Although some postmarketing reports describe drug-induced liver injury caused by dabigatran and rivaroxaban, a 2014 meta-analysis/systematic review of 29 randomized controlled trials (n=152,116 patients) did not identify an increased risk of liver injury with NOACs overall (relative risk 0.90, 95% confidence interval 0.72 to 1.13) or with individual agents.9-13
Anticoagulant dosing in obesity is challenging due to the potential for unpredictable or decreased anticoagulant effects. Also, therapeutic monitoring is not available for NOACs so it is not possible to confirm the degree of anticoagulation. Formal dosing recommendations regarding use of NOACs in obese patients are lacking; however, there are a few published literature reports in this population with apixaban, dabigatran, and rivaroxaban. 1-4,14-20
A Phase I pharmacokinetic study with apixaban included 18 healthy subjects with mean body weight 137 kg (range 120 to 175 kg) and mean body mass index (BMI) ≥ 42.6 kg/m2 (range 32 to 54 kg/m2).14 Following a single dose of apixaban 10 mg, the mean apixaban maximum concentration (Cmax) and area under the curve (AUC) were 31% and 23% lower, respectively, compared to subjects with more normal body weight (65 to 85 kg). The apparent volume of distribution was 24% larger and the half-life was 3 hours shorter in obese subjects compared to subjects with normal body weight. There was a trend toward lower plasma anti-factor Xa activity with increasing body weight. Overall, the authors concluded that the differences in apixaban exposure with obesity were modest and not likely to be clinically significant; therefore, no dose adjustment based on body weight was recommended.
Two published reports describe use of dabigatran in obese patients.15,16 The first article is a post-hoc pooled analysis of dabigatran 220 mg daily in 896 patients with BMI >30 kg/m2 for the prevention of VTE following major orthopedic surgery.16 Data were obtained from 3 major clinical trials (RE-MODEL, RE-NOVATE, and RE-NOVATE II).21-23 Among all patients who received dabigatran in these trials, 22.6% had BMI >30 to 35 kg/m2, 6.9% had BMI >35 to 40 kg/m2, and 2% had BMI >40 kg/m2. The composite primary endpoint of major VTE and VTE-related mortality occurred at a similar rate in obese and non-obese patients (2.7% vs 2.1%). Obese patients also had a similar rate of the primary endpoint compared to patients who received enoxaparin 40 mg daily (2.9%, p=0.797). There were no differences in bleeding between groups. The 220 mg dose cannot be achieved with the dabigatran formulations currently available in the US (75 and 150 mg capsules), but these results do provide some reassurance regarding the safety and efficacy of dabigatran in obese patients. The other published report with dabigatran is a case report describing an acute ischemic stroke in a 48 year-old obese patient (153 kg, BMI 44.7 kg/m2) who had been taking dabigatran 150 mg twice daily for the prior 4 weeks for paroxysmal AF with purportedly good compliance.15 The dabigatran plasma level at presentation (patient-reported 9 hours after the most recent dose), as assessed by the Hemoclot thrombin inhibitor assay, was undetectable. Dabigatran therapy was continued following thrombolysis and plasma level monitoring demonstrated a peak plasma level of 50 ng/mL 4 hours post-dose at steady state. The authors report that this peak level was less than the 25th percentile of the therapeutic trough level. In response to the potentially sub-therapeutic dabigatran dose, therapy was switched to a coumarin anticoagulant. Further prospective data regarding the efficacy of dabigatran in patients with obesity are needed.

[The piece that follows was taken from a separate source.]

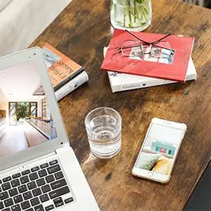 Les pieds noir mat et le dessus brun rustique insuffleront chaleur,caractère et peut-être inspiration à votre bureau à domicile.

Among the NOACs, rivaroxaban has the largest number of published reports describing its use in obese patients.17,18,20 Similar to the apixaban study described previously, a single-center, randomized, single-blind, placebo-controlled study was conducted to evaluate the pharmacokinetics of rivaroxaban in healthy subjects.17 A total of 12 obese subjects (mean weight 132.2 kg, mean BMI 43.5 kg/m2 ) received a single 10 mg dose of rivaroxaban. There were no differences in Cmax, AUC, time to maximum concentration (tmax) or half-life between obese and non-obese subjects. Pharmacokinetic data for rivaroxaban were also published in a case report of a 67 year-old obese patient with acute ischemic stroke due to previously undiagnosed nonvalvular AF.20 Ten days after the stroke, the patient was started on dabigatran 150 mg twice daily. Hemoclot assay results after 1 week of therapy indicated that the patient did not reach the interquartile range for Cmax and most readings were below the interquartile range of trough concentration (Ctrough). In response, the patient was switched to rivaroxaban 20 mg daily; DiXal direct factor Xa inhibitor assay peak and trough results suggested effective anticoagulation.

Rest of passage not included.